3.2.  Intraoperative performance

 During the operations, perforation occurred in 13 eyes (41.9%), showing that the clear aqueous humor effused immediately after the epithelium was removed. There were four eyes with a history of perforation before surgery, which subsequently healed. Of the nine eyes with no history of perforation, perforation in four eyes was evident in the thinnest point of the ectasia cornea and appeared as a hole, while perforation in the other five eyes was in the leading edge of lipid deposition with a crack-like appearance. The incidence of perforation was 66.6% (8/12) in the inflammatory group and 26.3% (5/19) in the noninflammatory group (P=0.02).

3.3.  Reconstruction of the corneal structure

 Reconstruction of the corneal structure was successfully completed in all eyes. All grafts achieved complete corneal epithelialization in 3–7 d, depending on the size of the graft. A double anterior chamber did not occur in any of the perforated eyes. Because cryopreserved donor corneas were used, the graft was comparatively oedematous in the early postoperative period and then gradually clarified. Generally, the oedema was completely gone after 2–3 months (Fig. 3). Three months after surgery, slit-lamp microscopy and AS-OCT showed that all grafts were well attached to the recipient beds, the peripheral corneas restored to normal thickness, and all cases preserved anatomic integrity (Fig. 4). The thickness of the graft was stable throughout the entire follow-up time and no recurrence of corneal thinning was observed (Fig. 4b). During the follow-up period, 5 grafts were transparent, 18 grafts were slightly opaque, and 8 grafts were obviously opaque. In the perforated eyes, grafts were slightly opaque in seven eyes and obviously opaque in the other six eyes. Vascularization of the graft occurred in 12 eyes (38.7%).

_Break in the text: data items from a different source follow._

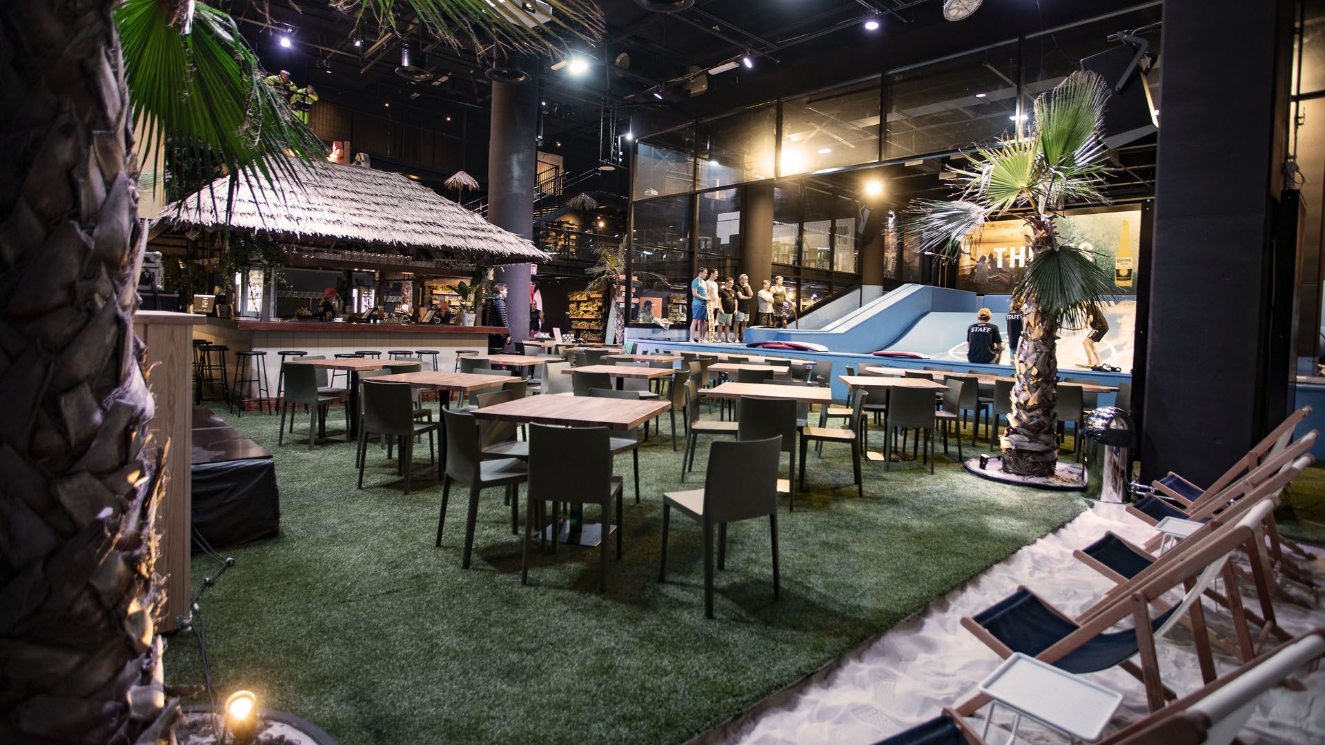 Oma synttärihuone, tropiikin lämpö, hiekka-alue rantapeleineen, ruokatarjoilut ja sisäsurffaus pitävät synttärivieraat tyytyväisinä tuntikaupalla. Surffaamaan mahtuu 1-20 vähintään 107 cm pituista lasta.
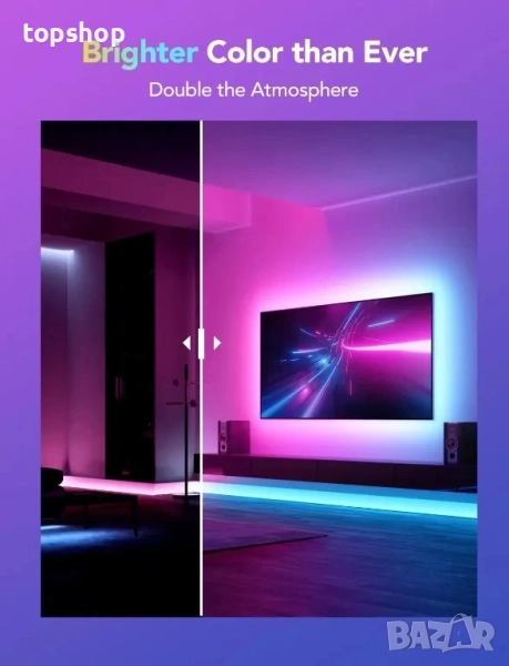 По-ярка от всякога: С 60 светодиода/м², Govee M1 има по-висока плътност от повечето RGBIC LED ленти. LED лентите Govee M1 осигуряват два пъти по-голяма яркост в лумена от по-старите поколения, за по-силна и по-последователна атмосфера в декора на стаята.
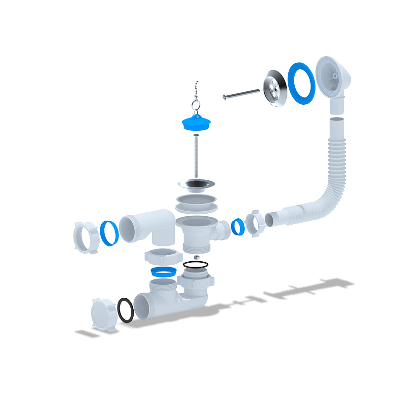 • Для ванн с отверстием слива Ø50 мм и отверстием перелива от Ø36 до 63 мм (стандартное отверстие 50 мм)
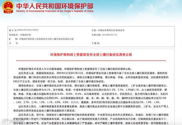根据这份公报,中国有近两成的土地不但被污染,而且某种、多种污染物超标。这个面积有多大呢?相当于英国国土面积那么大的土壤都是污染的,需要进行环境修复才能使用。如果这种污染的土壤不经过修复,而是用来做为商业用地、住房用地、学校或者农田,那就可能产生二次污染,甚至给使用土地的人带来健康损害。
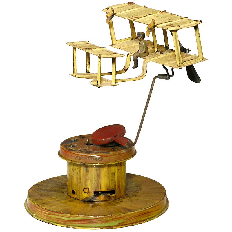 Biplane with pilot, hand-japanned tin, on base containing the clockwork mechanism, working.
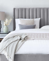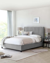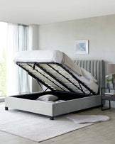 Create your perfect bedroom retreat with the Amalfi ottoman bed, where sophisticated design meets clever storage. Upholstered in smooth matt grey velvet with a striking vertically ribbed headboard, this double bed brings contemporary elegance to your space. The hidden ottoman storage beneath offers generous room for bedding and essentials, keeping your sanctuary beautifully uncluttered.
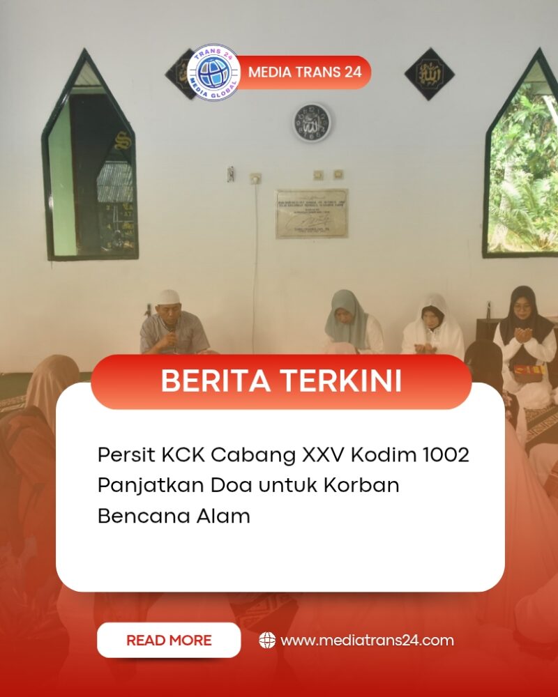 BARABAI//trans24.id -Persit Kartika Chandra Kirana (KCK) Cabang XXV Kodim 1002 Koorcab Rem 101 PD XXII/ Tambun Bungai menggelar doa bersama sebagai bentuk kepedulian dan empati atas musibah bencana alam yang terjadi di wilayah Sumatera. Kegiatan berlangsung khusyuk di Musholla Al Khairul Fahmi, Jalan Telaga Padawangan, Kelurahan Barabai Timur, Kecamatan Barabai, Kabupaten Hulu Sungai Tengah, Rabu (03/12/2025).
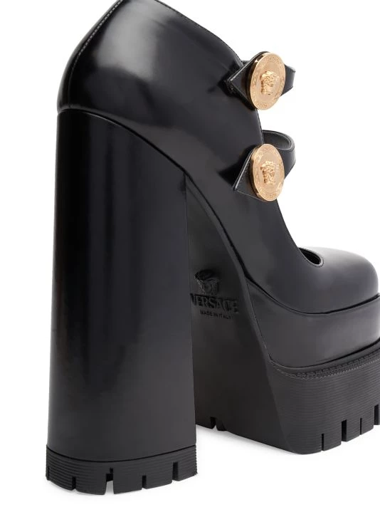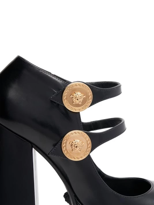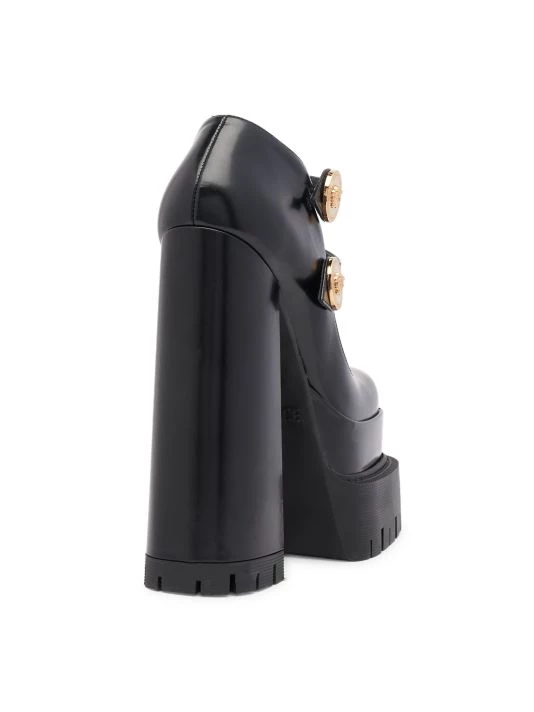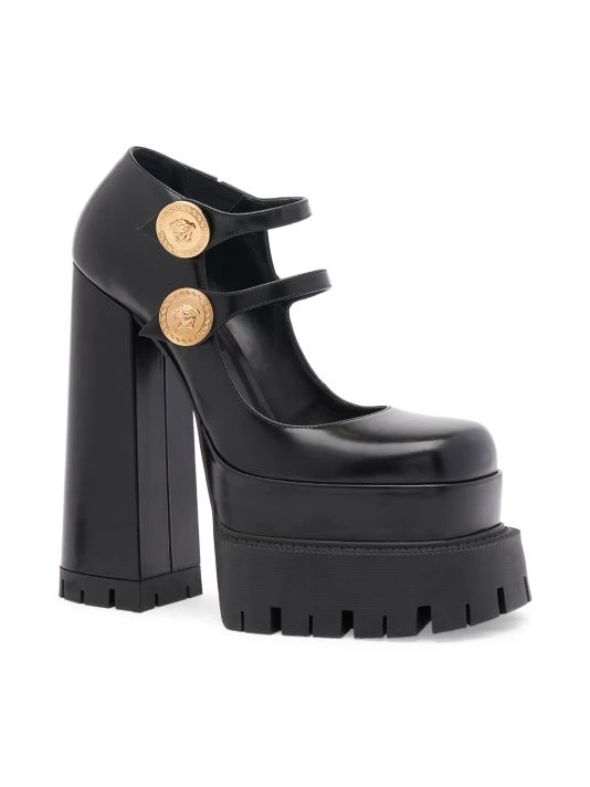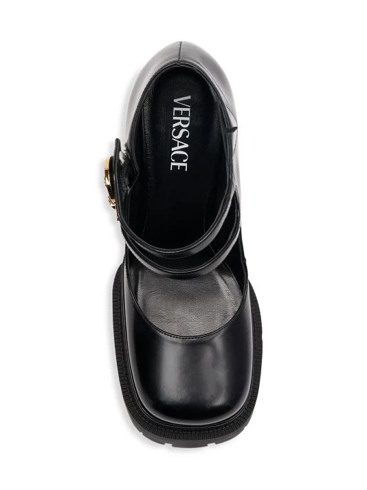 Versace’s pumps are anchored by a double platform and striking block heel. Made in Italy of rich leather, this bold pair is detailed with a Medusa head plaque at the vamp straps.
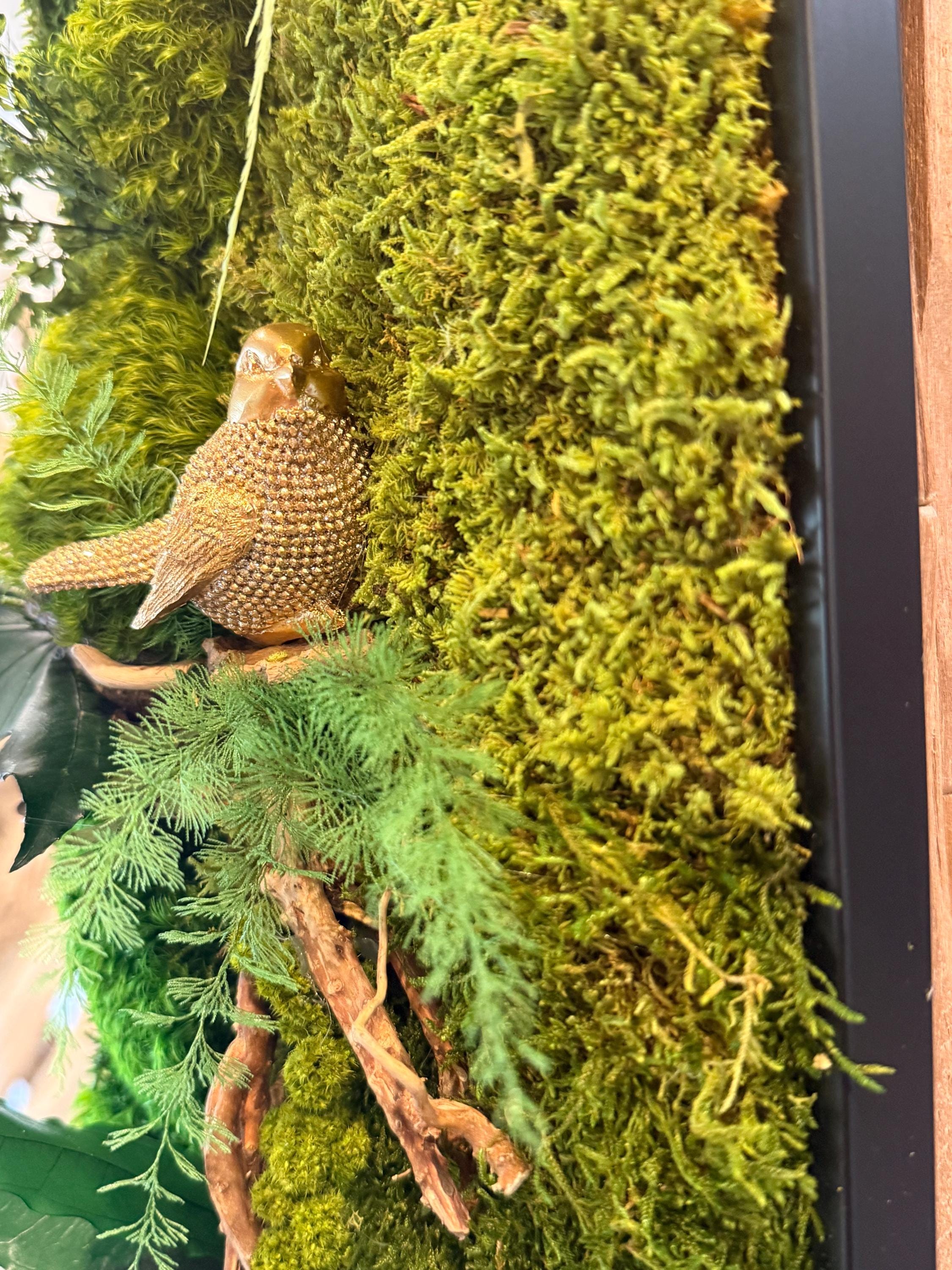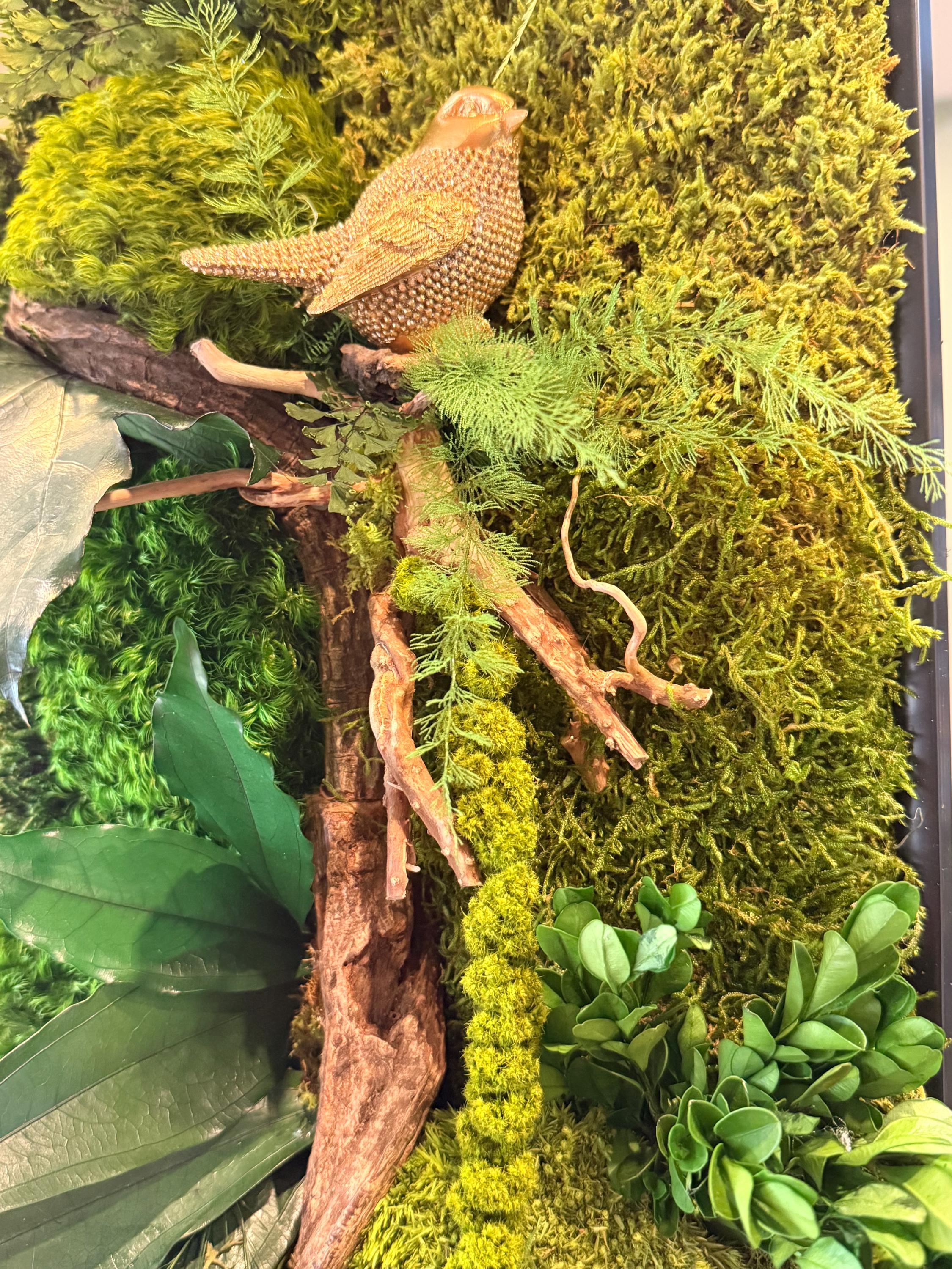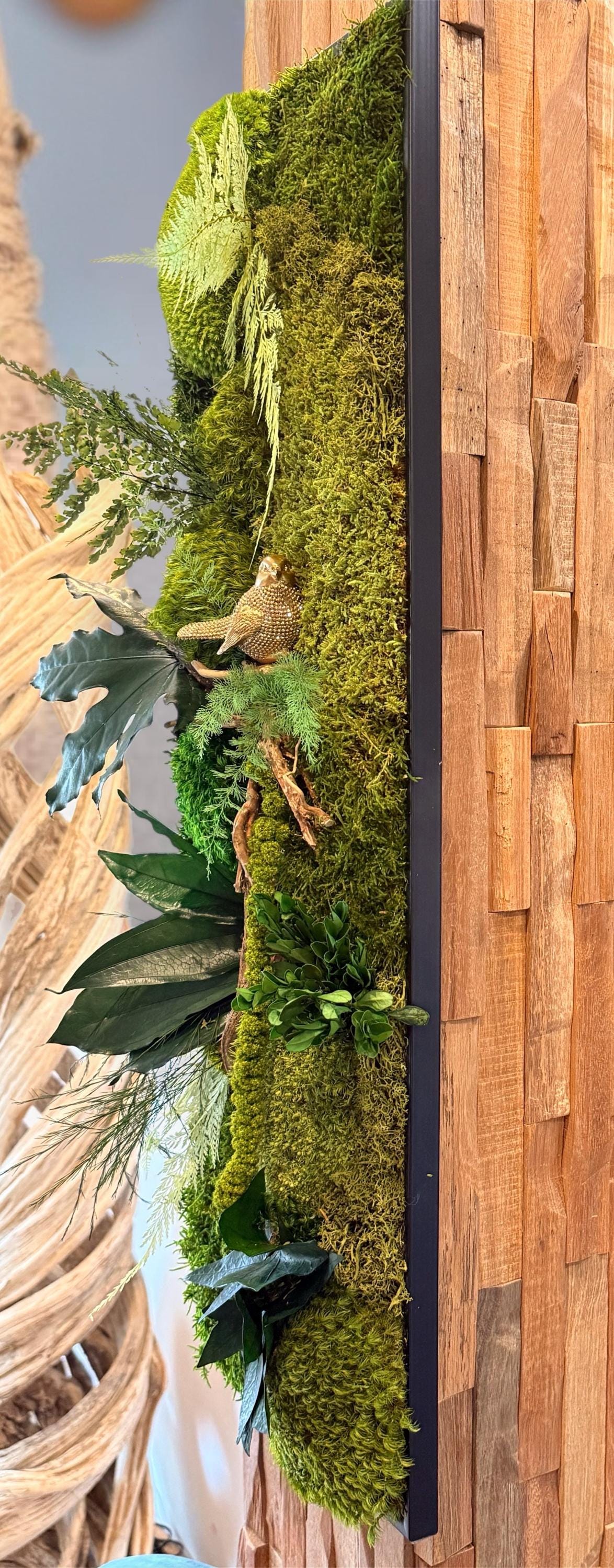 Ce tableau végétal a été imaginé comme une scène naturelle immersive, où les mousses forment un paysage végétal dense et apaisant.
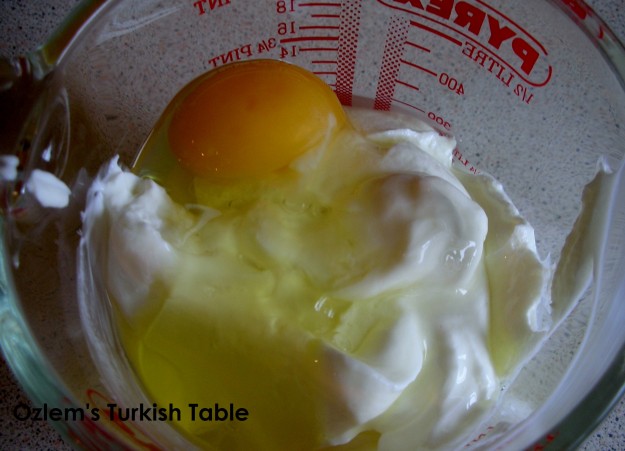 Beat the egg and the strained yogurt in a saucepan,
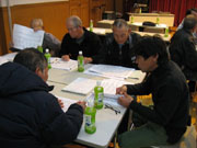 この後は、地区ごとに分かれ、副会長がリーダーとなってグループ別勉強会を行いました。この間、花の舞の青木副杜氏と斎藤主任が米に関する質問を乗松相談役にしてレクチャーを受けており、勉強はあちこちで行われていました。

In the inflammatory group, no inflammation recurrence was observed after the operation.



Fig.3
AS-OCT images of the grafts
AS-OCT showed oedema of the peripheral grafts. (a) The graft was obviously oedematous in one week after the operation. (b) The oedema of the graft was completely resolved in two months after the operation



Fig.4
Reconstruction of the corneal structure
Slit-lamp microscopy (a) and AS-OCT image (b) show that the graft attached well to the recipient bed and the thickness of the graft remained stable after 62 months postoperatively

3.4.  Astigmatism and visual acuity

 According to the clock hours of the disease area, the eyes that underwent ring-shaped DALK were allocated into one of four groups: group 1, ≤1 quadrant (3 eyes); group 2, >1 quadrant and ≤2 quadrants (14 eyes); group 3, >2 quadrants and ≤3 quadrants (6 eyes); and group 4, >3 quadrants (5 eyes). Group 5 included the 3 eyes that underwent D-shaped DALK.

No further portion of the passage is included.